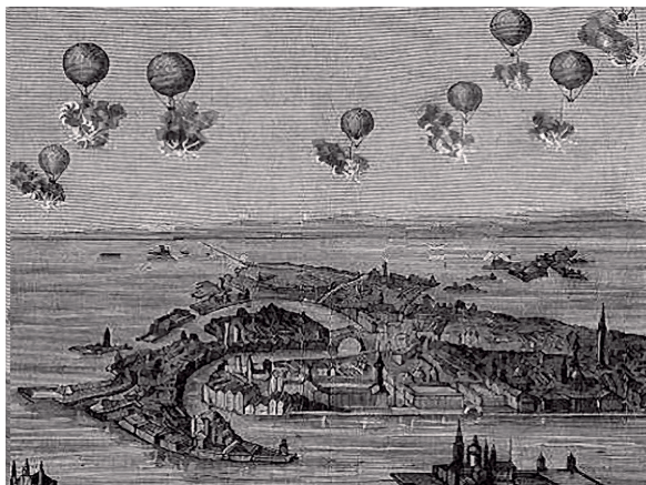
4. ábra Sun-Drone Balloons Bomb Venice [18]

Daniel Manin (1804–1857) Velencében született zsidó család sarja. Számos nyelvet tanult, zsidó és keresztény vallású könyveket írt. Jogtudott ember lévén elsődleges célja a jogi „küzdelem” volt. 1848-ban ő vezette a Velencei köztársaságot az osztrákok támadása alatt. Ez az újfajta háborús filozófia egy új dimenziót nyitott a reguláris hadseregek közötti harcérintkezésben, mert felvetette annak a lehetőségét, hogy a polgári lakosság jóval a hadseregek elülső vonala mögött a támadás célpontjává váljon. Ezzel a háborús fogalmakhoz hozzá lehetett adni egy új szót, a „légitámadás” kifejezést.
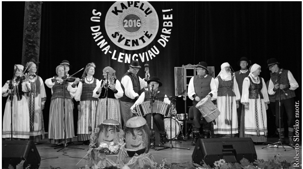
Šiaulių miesto kultūros centro folkloro ansamblis „Salduvė“

Dėkoju visoms kapeloms ir jų vadovams, scenografei, režisieriai, vaidintojams, įgarsintojui ir fotografui, o visų pirma – žiūrovams už pilną koncertinę salę, audringus plojimus, šiltus palaikymo žodžius ir šypseną. Gyvuokime ne kaip atskiri vienetai, o kaip viena didelė šeima – kad vaikai ir jaunimas kartu su vyresniaisiais grotų ir dainuotų lietuvių liaudies dainas.
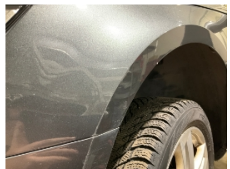
6. Venstre forskjerm
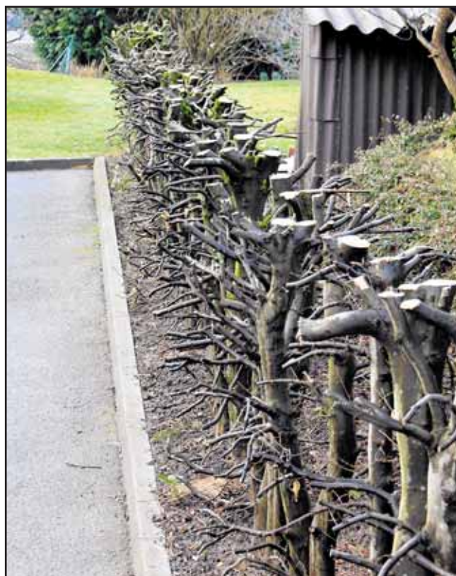
Une taille drastique effectuée en hiver sur des charmilles n'y paraît plus après deux ans. Privilégiez néanmoins la régularité pour éviter d'en arriver là... JLP
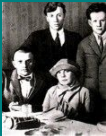
Б.Л.Пастернак, С. М.Эйзенштейн, В.В.Маяковский, Л.Ю.Брик

В июле 1915 г. поэт познакомился с Лилей и Осипом Бриками. В 1915 - 1917 г. Маяковский проходил военную службу в Петрограде в автошколе. Солдатам печататься не разрешали, но Осип Брик выкупил поэмы «Флейта-позвоночник» и «Облако в штанах» по 50 копеек за строку и напечатал.

========

What you have to do: Output the lines from the one holding "Б.Л.Пастернак, С. М.Эйзенштейн, В.В.Маяковский, Л.Ю.Брик" to the last line of the material, inclusive, exactly as they appear. Add no others.

Response to the exercise:
Б.Л.Пастернак, С. М.Эйзенштейн, В.В.Маяковский, Л.Ю.Брик

В июле 1915 г. поэт познакомился с Лилей и Осипом Бриками. В 1915 - 1917 г. Маяковский проходил военную службу в Петрограде в автошколе. Солдатам печататься не разрешали, но Осип Брик выкупил поэмы «Флейта-позвоночник» и «Облако в штанах» по 50 копеек за строку и напечатал.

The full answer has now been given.